I ask because I'm wondering what would happen if we could stop time and look at the reaction.

a) the H+ free proton will react with the loose electrons of the metal at a rate dependent on the molarity of the solution and the number of H+ cations per molecule released into the solution.

or?:

b) it's more wave like in nature and it's an electromagnetic mess which isn't as easily comprehended by humans.

or both?

It looks really really small.

It's complicated because you don't have homogeneous solutions of the metal. You have a solid metal surface with a coating of metal cations around it, the metal cation layer is sloughing off into solution exposing the metal.
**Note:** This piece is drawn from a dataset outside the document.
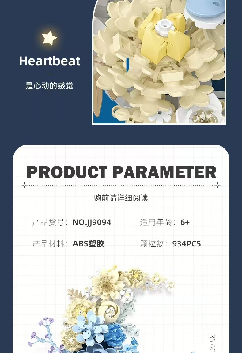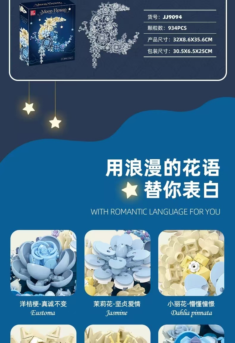 越境ジェスター新製品JJ9094月花子供向け知育組み立てブロック花飾り中国風花束モデル

Metals like Na and K react one electron at a time. So you may end up with H. (neutral hydrogen with one electron) which further reacts with H2O to give H2 and OH. (neutral radical species), etc.

The nature of the surface itself matters. The greater the surface area, the faster the metal reacts. If you have a big chunk it takes forever to react. Microscale crevices can greatly accelerate the reaction (the same way that Mentos accelerate the offgassing of Diet Coke).

These sorts of surface-solution reactions are very important in atmospheric chemistry. One of the huge breakthroughs in the field was when scientists discovered that small ice crystals floating in the polar atmospheres greatly accelerated the decomposition of ozone. That would probably be a good place to start Wikipediaing if this sounds interesting to you.